简体   繁体   English


[英]Why is my Regex for removing special characters adding more words to my text?

I encountered the problem when I tired to run my regex function on my text which can be found here .当我厌倦了在我的文本上运行我的正则表达式 function 时,我遇到了这个问题,可以在这里找到。

With a HttpRequest I fetch the text form the link above.使用 HttpRequest,我从上面的链接中获取文本。 Then I run my regex to clean up the text before filtering the most occurrences of a certain word.然后我运行我的正则表达式来清理文本,然后过滤掉出现次数最多的某个词。

After cleaning up the word I split the string by whitespace and added it into a string array and notice there was a huge difference in the number of indexes.清理单词后,我用空格拆分字符串并将其添加到字符串数组中,注意到索引数量存在巨大差异。

Does anyone know why this happens because the result of occurrences for the word " the " - is 6806 hits.有谁知道为什么会发生这种情况,因为单词“ the ”出现的结果是 6806 次匹配。
raw data correct answer is 6806原始数据正确答案是 6806

And with my regex I get - 8073 hits使用我的正则表达式,我得到了 8073 次点击

with regex用正则表达式

The regex i'm using is here in the sandbox with the text and below in the code.我正在使用的正则表达式在带有文本的沙箱中,在代码下方。

//Application storing.
var dictionary = new Dictionary<string, long>(StringComparer.OrdinalIgnoreCase);

// Cleaning up a bit
var words = CleanByRegex(rawSource);

string[] arr = words.Split(" ", StringSplitOptions.RemoveEmptyEntries);

string CleanByRegex(string rawSource)
    Regex r = RemoveSpecialChars();
    return r.Replace(rawSource, " ");

//  arr {string[220980]} - with regex
//  arr {string[157594]} - without regex

foreach (var word in arr)
    // some logic


partial class Program
    [GeneratedRegex("(?:[^a-zA-Z0-9]|(?<=['\\\"]\\s))", RegexOptions.IgnoreCase | RegexOptions.Compiled, "en-SE")]
    private static partial Regex RemoveSpecialChars();

I have tried debugging it and I have my suspicion that I'm adding trailing whitespace but I don't know how to handle it.我试过调试它,我怀疑我正在添加尾随空格,但我不知道如何处理它。

I have tired to add a whitespace removing regex where I remove multiple whitespace and replace that with one whitespace.我厌倦了添加一个空格删除正则表达式,我删除了多个空格并将其替换为一个空格。

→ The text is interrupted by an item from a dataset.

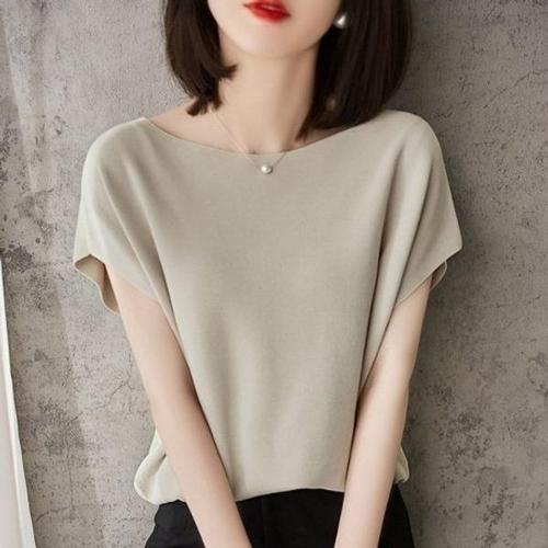 [엄지척]여성 반팔 여름 니트 여자 고급 무지 티 셔츠 ivory_19659444_667501
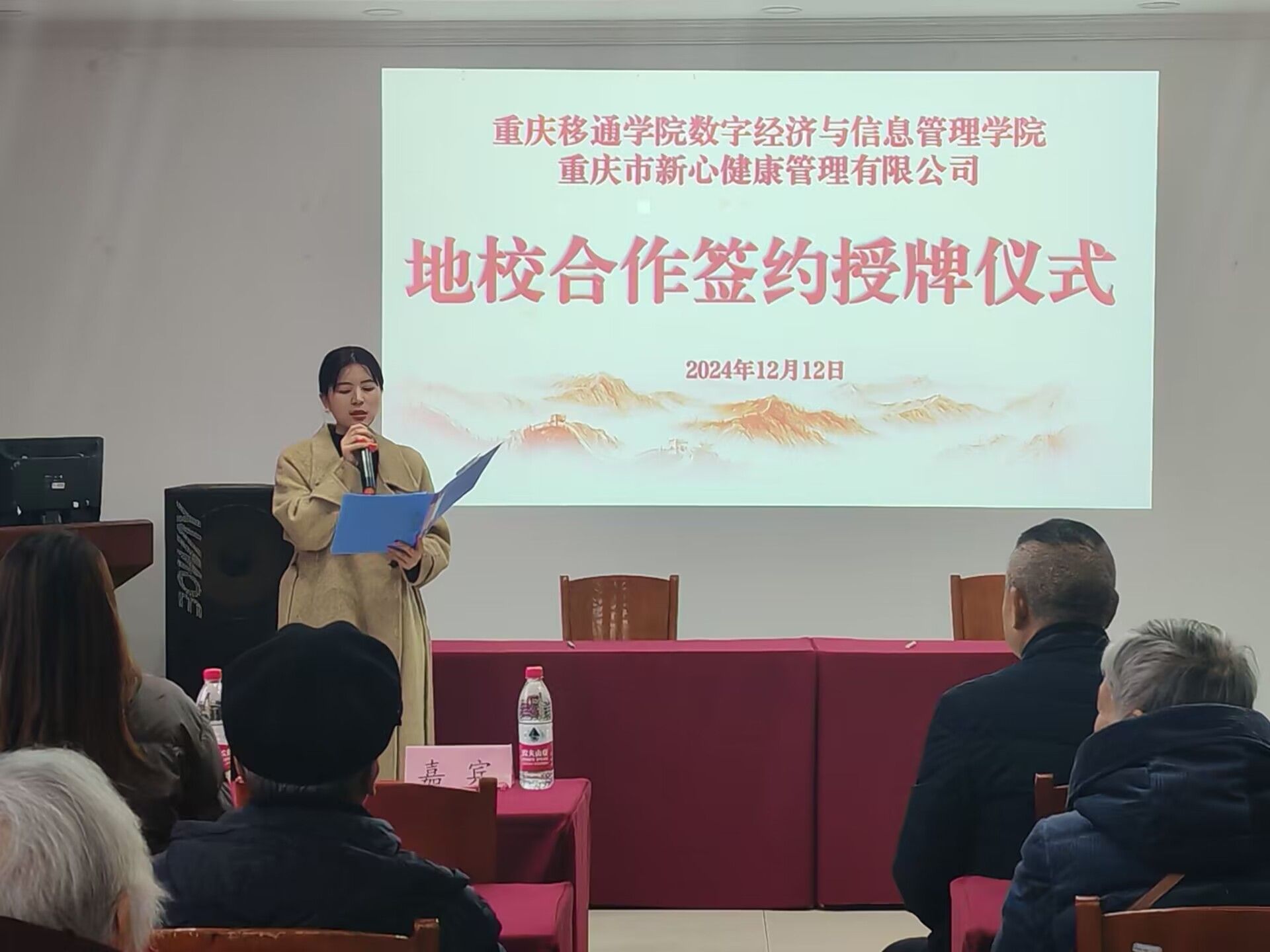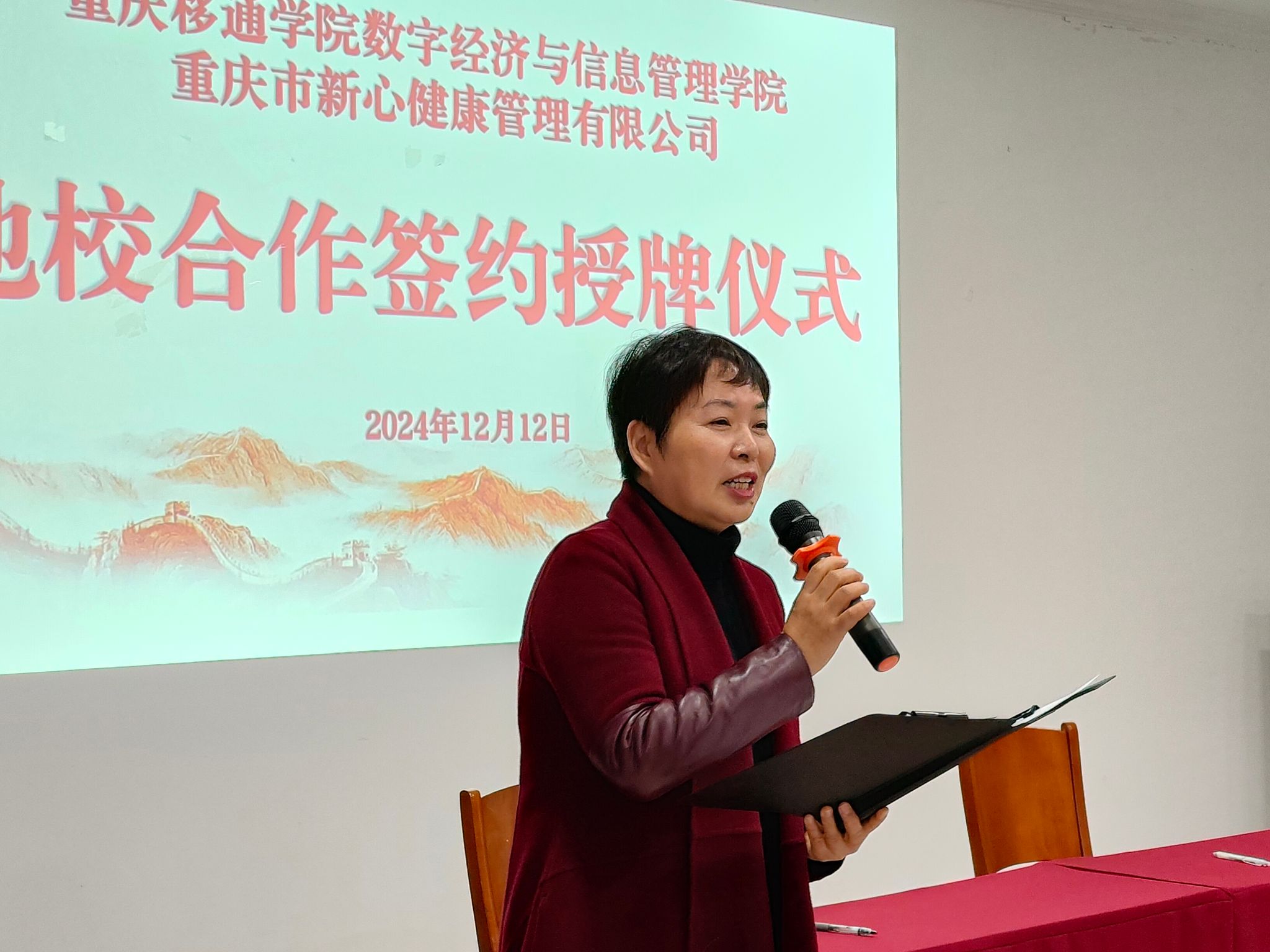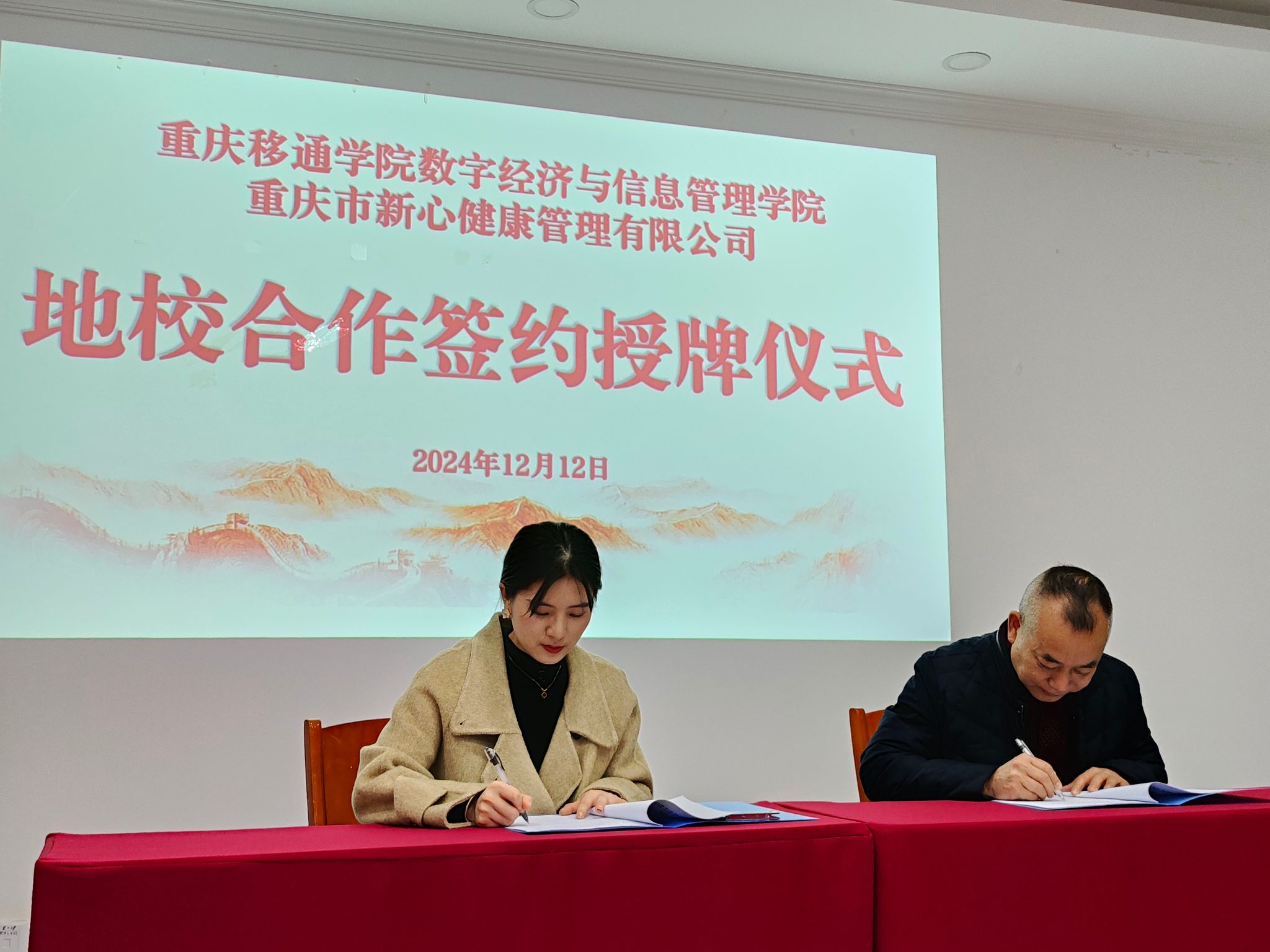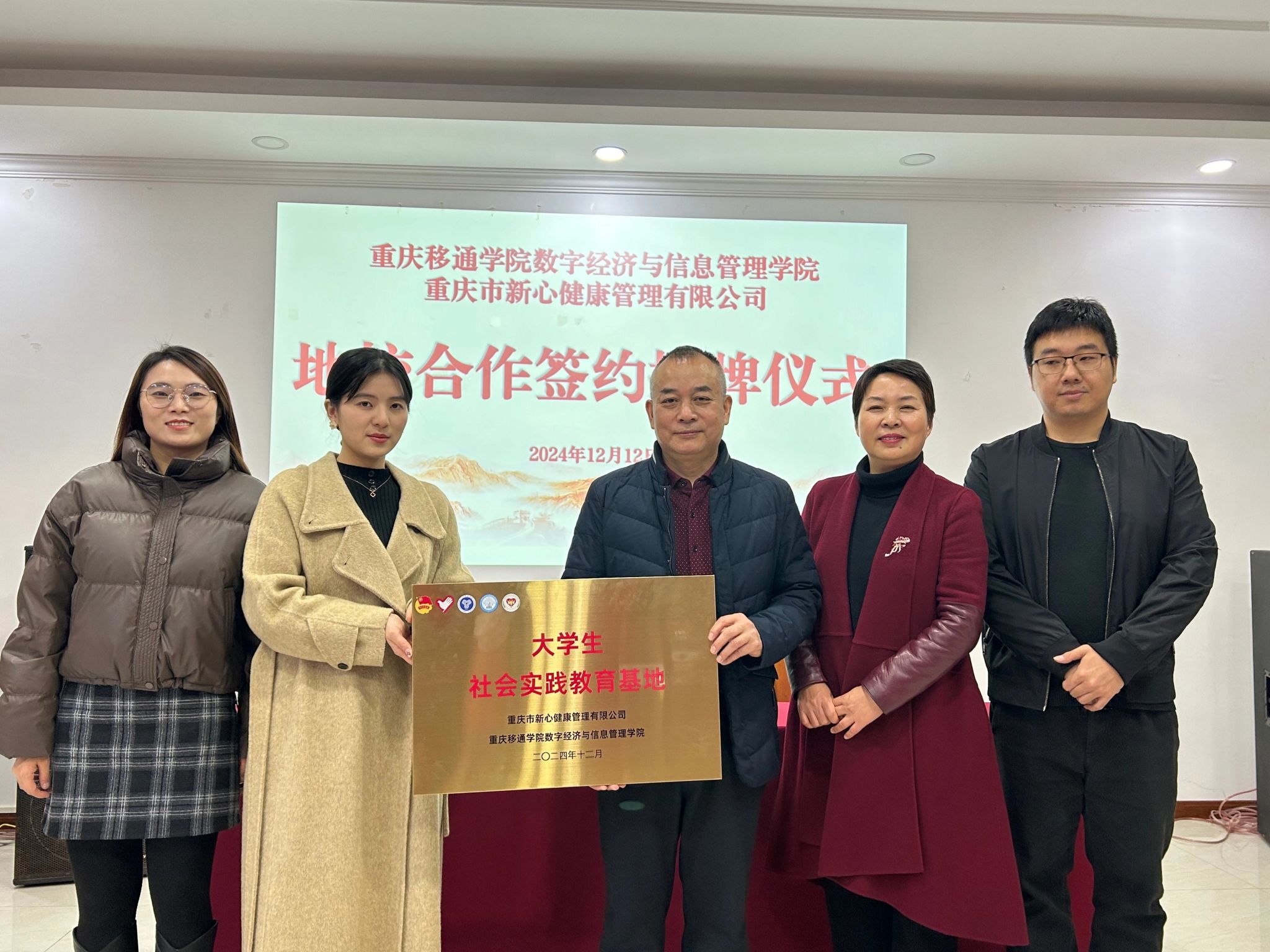 12月12日9时30分,重庆移通学院数字经济与信息管理学院志愿服务板块的指导老师张静、彭仙前往重庆市新心健康管理有限公司与李中才院长签订了地校合作意向书,并正式将重庆心新康养中心确立为我校大学生的社会实践教育基地,举行了授牌仪式。

the regex would look something like - [ ]{2,}"正则表达式看起来像 - [ ]{2,}"

partial class Program
    [GeneratedRegex("[ ]{2,}", RegexOptions.Compiled)]
    private static partial Regex RemoveWhiteSpaceTrails();

It would be helpful if you describe what you're trying to clean up.如果您描述要清理的内容会很有帮助。 However your specific question is answerable: from the sandbox I see that you're removing newlines and punctuation.但是,您的具体问题是可以回答的:从沙箱中我看到您正在删除换行符和标点符号。 This can definitely lead to occurrences of the that weren't there before:这肯定会导致以前不存在the出现:

The quick brown fox jumps over the
lazy dog
//the+newline does not match

//after regex:
The quick brown fox jumps over the lazy dog
//now there's one more *the+space*

If you change your search to something not so common, for example Seward , then you should see the same results before and after the regex.如果您将搜索更改为不太常见的内容,例如Seward ,那么您应该会在正则表达式前后看到相同的结果。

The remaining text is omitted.